İşte Allah’tan gelen bu sevgi sayesinde insan eşinden kaynaklanan sıkıntılara katlanır. Karı-koca ilişkisi sadece cinsel arzuya dayansaydı, eşlerin hastalık veya yaşlılık sebebiyle cinsel arzudan kesildiklerinde bu beraberlik ve sevgiyi devam ettirmemeleri gerekirdi.

Yukarıdaki ayet aynı zamanda her iki cinsin yaratılış amacını da ortaya koymaktadır. Buna göre kadın ve erkek, Allah’ın aralarına koyduğu sevgi ve merhameti geliştirmek için gayret göstermelidir. Bu sevginin olgunlaşması sonucu cinsellik, süflî bir arzu olmaktan öteye geçerek nesil yetiştirmek gibi ulvî bir gayeye hizmet edecektir.

Günümüzde aile kurumu dünyevîleşmenin ve ahlâkî dejenerasyonun verdiği zararlar sebebiyle ayakta kalma mücadelesi vermektedir. 
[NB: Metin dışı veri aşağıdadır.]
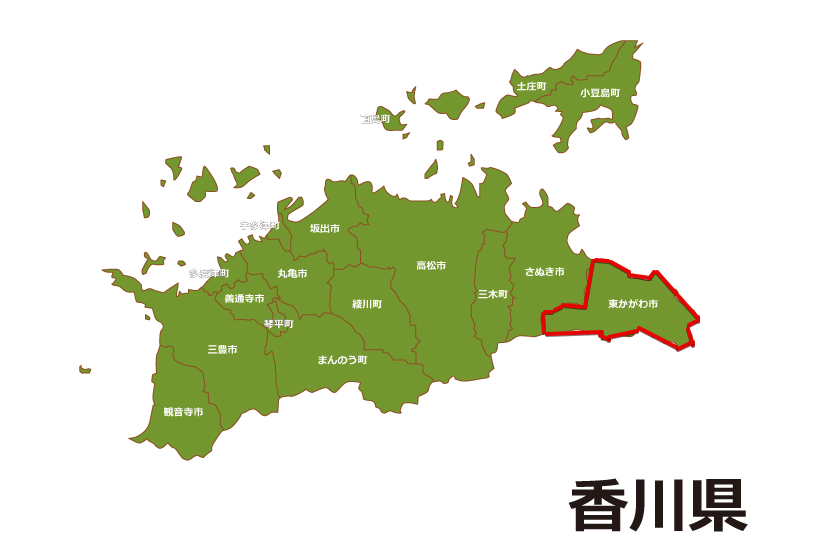 香川県の地図で言うと、下の地図で□で囲ったところ(東かがわ市)です。
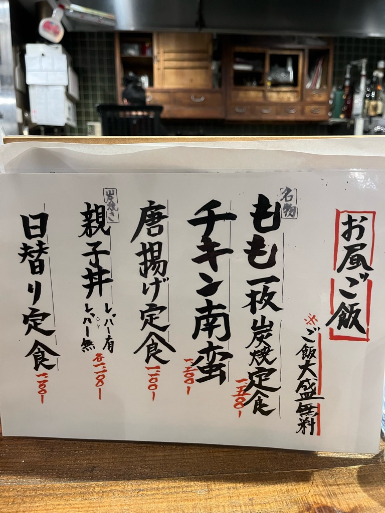 平日の12時30分に訪問。店内は8割ほど埋まっていました。13時を過ぎると、店内は空いていました。もも1枚岩焼き定食が1番人気で、訪問した際には売り切れでした。
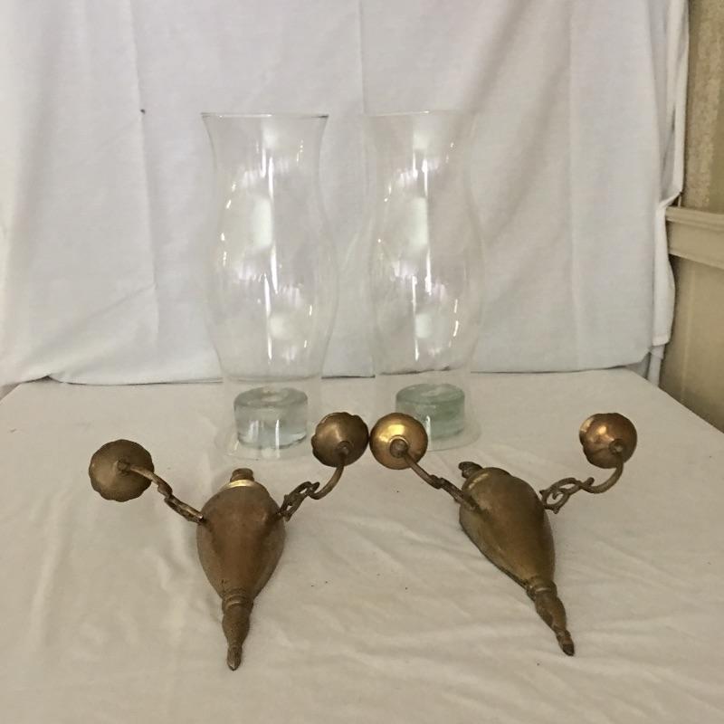 Lot 19 - Hurricane Lamps & Brass Sconces
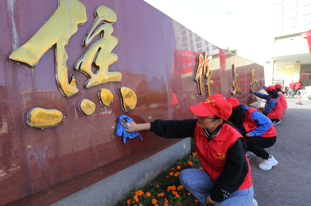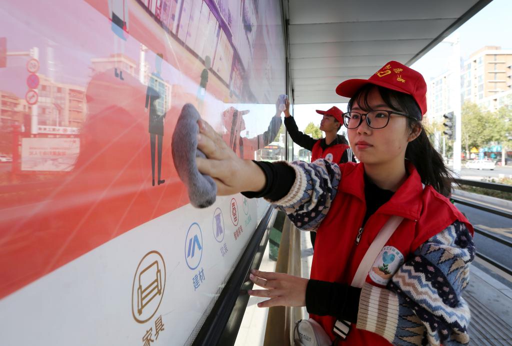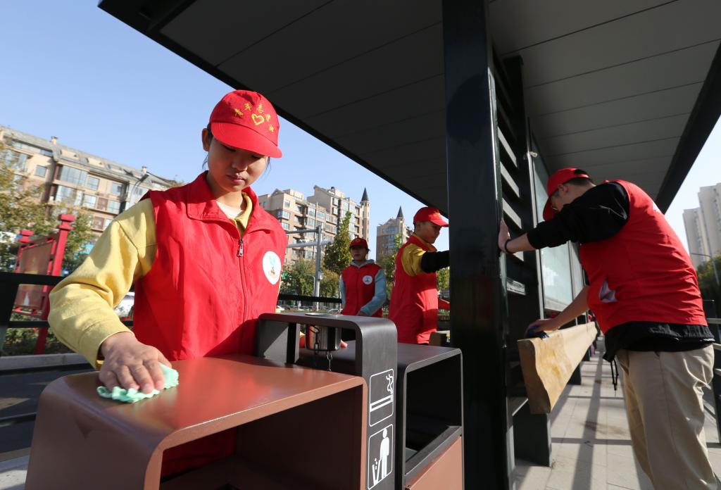 志愿者来到事先分配好卫生区域,大家分工明确,配合默契。活动现场,团旗和志愿者旗迎风飘扬,大家认真擦洗公交站牌橱窗、围栏、座椅,捡起草坪上的塑料垃圾,清扫马路上的树叶,由于风大,刚刚清扫干净的路面又落下树叶,大家又重新打扫。志愿者们发扬不怕苦、不怕累、任劳任怨的奉献精神,很多市民看到球王会官网入口志愿者的辛勤付出,纷纷表示称赞和肯定。
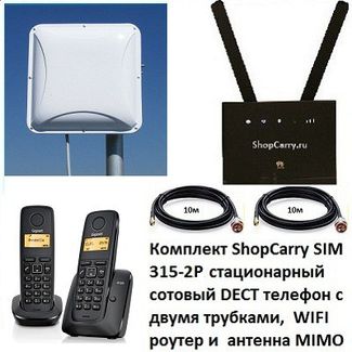 - Комплект ShopCarry SIM 315-2P стационарный сотовый радио DECT телефон с двумя трубками GSM 4G 3G WIFI роутер и антенна MIMO по выгодной цене 15 240 р. руб.;
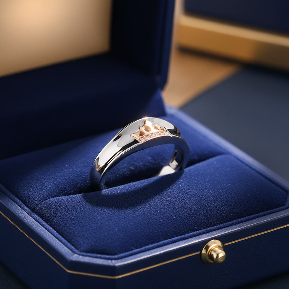 Anillos de diseño de corona real ligeros de proveedor mayorista chino, joyería de oro blanco y oro rosa macizo de 18 quilates con diamantes naturales auténticos para uso diario.
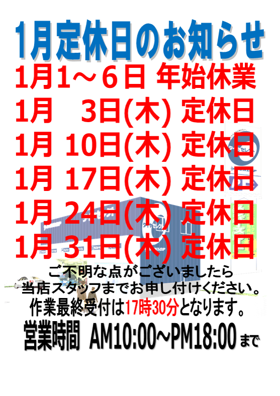 1月から営業時間が10:00~18:00(作業最終受付時間17:30)になります
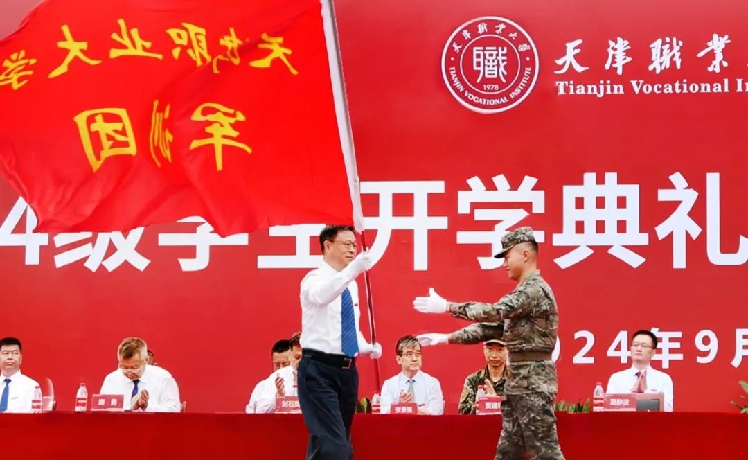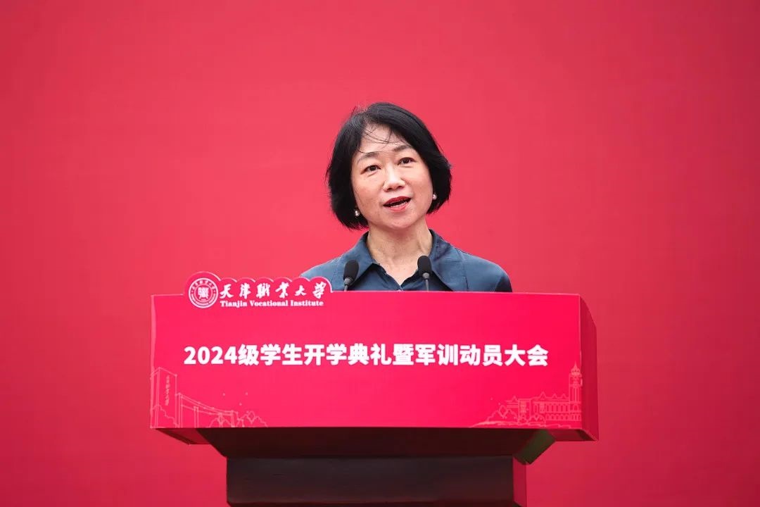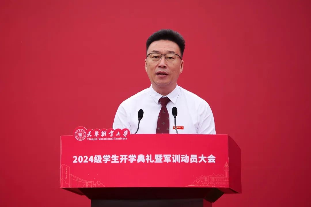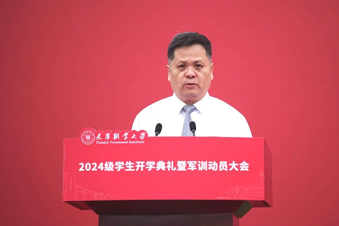 校党委副书记、校长吴宗保老师代表全校师生员工,向全体新生表示诚挚的祝贺和热烈的欢迎。他用“如何做一名新天职人”,引导同学们去直面大学生涯,用智慧去感悟,用行动去探索,用毅力去坚守,用成绩去守护“天职人”的自豪和骄傲,希望同学们明确成才目标、掌握高强本领、锤炼坚强意志,踔厉奋发,勇毅前行,用青春热血投身技能报国的伟大实践。
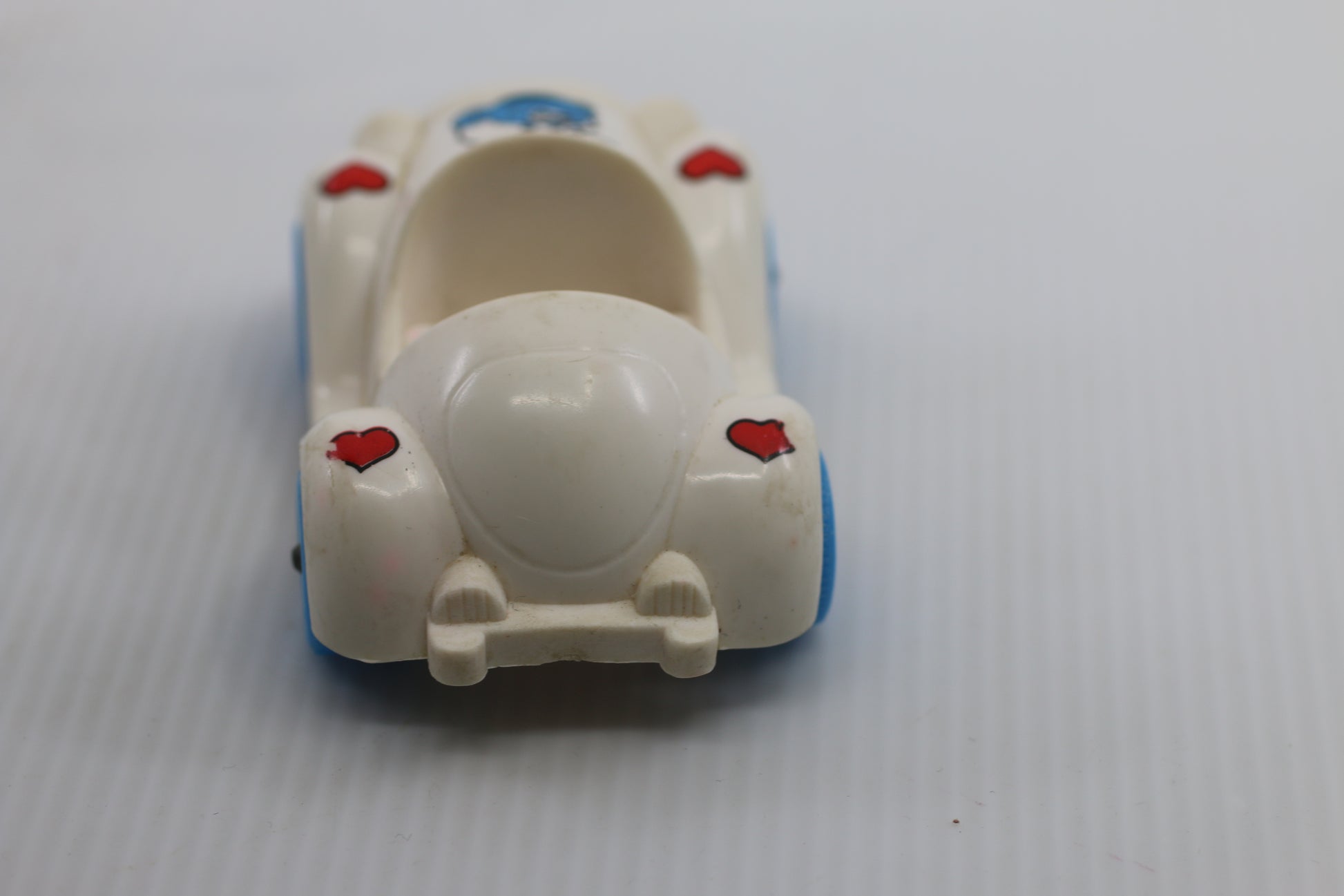 Vintage Smurfs Plastic Toy Car White Blue Wheels European 1970s 1980s Loose

Globalleşmenin etkisiyle ülkeler arası etkileşimin hâd safhaya vardığı şu dönemde aile kurumu desteklenmeli, korunmalı ve elde kalan son kalenin de düşürülmemesi için tüm imkânlar seferber edilmelidir. 

Aileyi bekleyen tehlike

Aileleri bekleyen en büyük tehlikeleri şöyle sıralayabiliriz: “Sosyal medya” denilen ve ahlâkî bir hudut tanımayan, gayr-ı meşru ilişkileri sevimli gösteren her türlü video ve lakırdı, Hazreti Lût’un tebliğde bulunduğu kavmin helâk olmasına sebep olan fiillerin günümüzdeki uzantısı olan LGBT gibi kuruluşların ve onları destekleyen devlet, parti ve STK’ların hezeyanlarına son verecek kararlı devlet yaptırımları; televizyon ekranlarının gündüz kuşağını adeta işgal eden çeşitli magazin ve sözüm ona “sosyal sorumluluk içerikli” programlar; yine zinayı mubah ve olağan gösteren ve (affedersiniz) fuhşu meşru sayan diziler; nikâhsız beraberlikleri “arkadaşım-sevgilim” gibi cici gösteren dizi ve programlar ve ilâ ahir… Bu, hem bireylerin, hem de toplumun geleceği açısından son derece önemli. Zira aile, toplumun aynası mesabesindedir ve aile hayatındaki kargaşalar siyaseti ve toplumsal yapıyı yakından etkilemektedir. 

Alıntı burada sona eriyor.